Using fossil records and DNA testing, a team of international scientists led by Bracken-Grissom has determined the first lobster-like crustacean appeared on planet Earth approximately 372-409 million years ago.

“This is the most complete study of lobsters to date. One hundred and seventy-three species were analyzed, including commercially important species such as Maine lobster, Florida’s spiny lobsters and the redswamp crayfish, which Louisiana is famous for,” Bracken-Grissom said. “We also included some very rare species, recently discovered in the 1970s, who had never been included in an analysis before. It was interesting to include them because we got to see where they fell in the lobster tree of life.”
Bacteria and viruses

Virginia Tech: Discovery opens up new areas of microbiology, evolutionary biology
BLACKSBURG, Va., Feb. 7, 2014 – A team of researchers led by Virginia Tech and University of California, Berkeley, scientists has discovered that a regulatory process that turns on photosynthesis in plants at daybreak likely developed on Earth in ancient microbes 2.5 billion years ago, long before oxygen became available.

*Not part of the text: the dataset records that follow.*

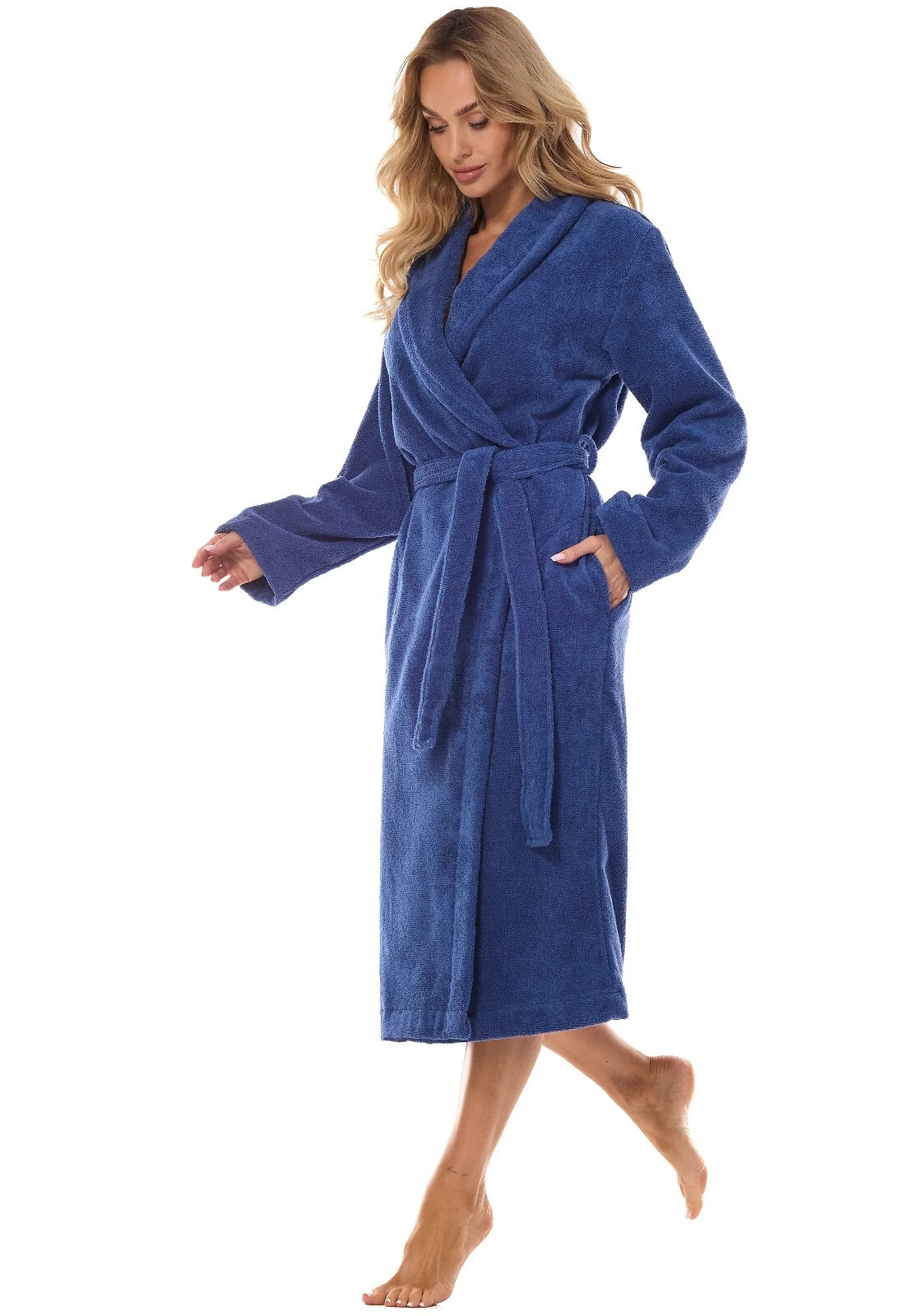 Dámsky dlhý župan - bavlnený froté úplet - šálový golier - zaväzuje sa v páse - bočné vrecká Zloženie: 100 % bavlna
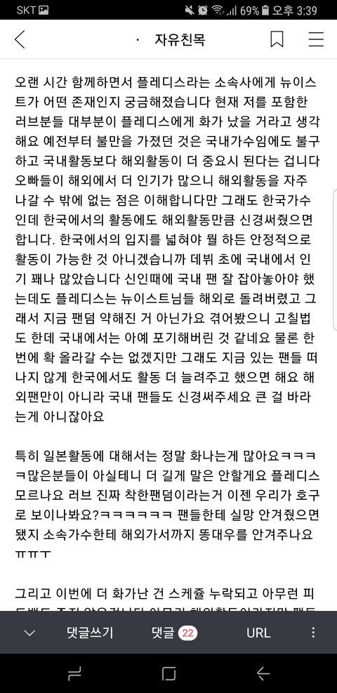 내가 하고싶은 말은 "뉴이스트가 망할만해서 망했다, 안떴었던 건 멤버들 탓이다, 누릴거 다 누렸으면서 왜 소속사를 탓하냐" 이런 글들이 꽤 보여서 쓴는 글이야.
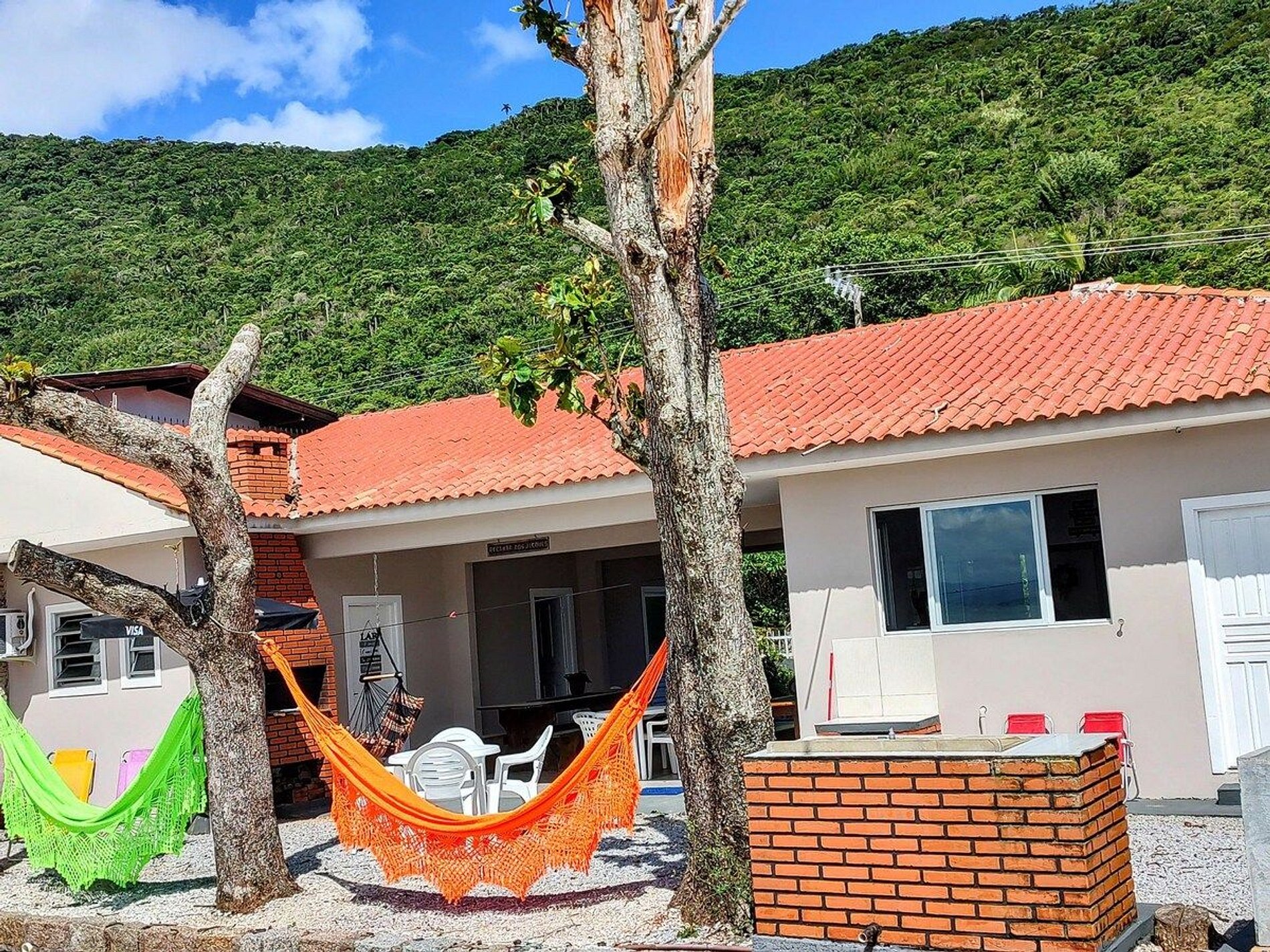 Sabe aquele lugar gostoso, onde você escuta o barulho dos pássaros e sente a brisa do mar? Aquele lugar arejado, com pouco movimento e que transpira tranquilidade? É tudo o que você vai encontrar nessa charmosa residência . Uma casa com acomodações ótimas, bem organizadas e limpas, lugar para ficar tranquilo e relaxar. Em frente a uma prainha linda, com vista para o mar, as montanhas e o pôr do sol, o mais lindo do sul da ilha..

The research opens new scientific areas in the fields of evolutionary biology and microbiology. The work also has broad societal implications as it allows scientists to better understand the production of natural gas, and it sheds light on climate change, agriculture, and human health.

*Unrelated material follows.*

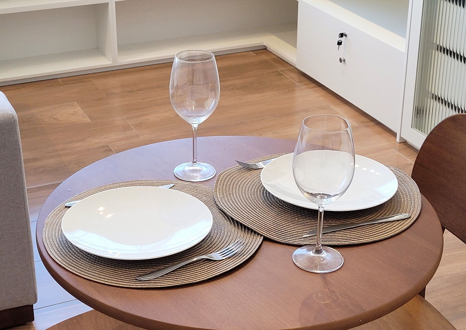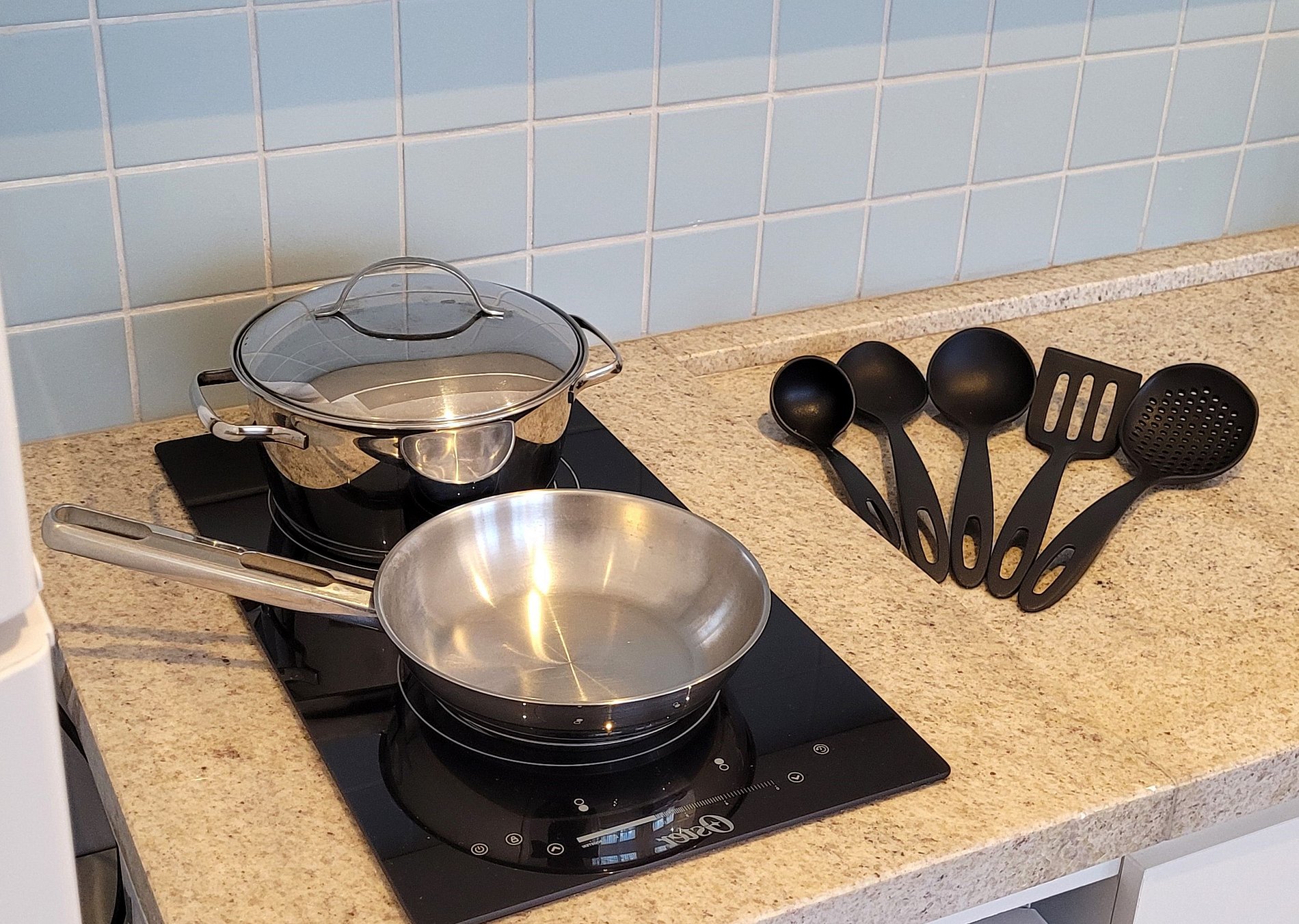 - Cozinha equipada com fogão de indução, micro-ondas, geladeira, pratos, talheres, copos

“By looking at this one mechanism that was not previously studied, we will be able to develop new basic information that potentially has broad impact on contemporary issues ranging from climate change to obesity,” said Biswarup Mukhopadhyay, associate professor of biochemistry at the Virginia Tech College of Agriculture and Life Sciences, one of the lead authors of the study. He is also an adjunct associate professor at the Virginia Bioinformatics Institute. Plant and microbial biology professor emeritus Bob B. Buchanan at University of California, Berkeley, co-led the research and co-authored the paper.
University of Michigan: Chemical chaperones have helped proteins do their jobs for billions of years
February 20, 2014
ANN ARBOR—An ancient chemical, present for billions of years, appears to have helped proteins function properly since time immemorial.

Proteins are the body's workhorses, and like horses they often work in teams. There exists a modern day team of multiple chaperone proteins that help other proteins fold into the complex 3D shapes they must achieve to function. This is necessary to avert many serious diseases caused when proteins misbehave.

But what happened before this team of chaperones was formed? How did the primordial cells that were the ancestors of modern life keep their proteins folded and functional?

Scientists from the University of Michigan discovered that an extremely simple, ancient chemical called polyphosphate can perform the role of a chaperone. It likely played that role billions of years ago, and still keeps its old job today.
LiveScience: Giant Virus Resurrected from Permafrost After 30,000 Years
By Tia Ghose, Staff Writer
March 03, 2014 03:00pm ET
A mysterious giant virus buried for 30,000 years in Siberian permafrost has been resurrected.

The virus only infects single-celled organisms and doesn't closely resemble any known pathogens that harm humans.

Even so, the new discovery raises the possibility that as the climate warms and exploration expands in long-untouched regions of Siberia, humans could release ancient or eradicated viruses. These could include Neanderthal viruses or even smallpox that have lain dormant in the ice for thousands of years.
Here's what escapefromwisconsin at The Hipcrime Vocab had to say about this discovery.
So this is where the zombie apocalypse virus might be found, spreading out from the arctic drilling rigs. Zombie science-fiction writers, fire up your keyboards!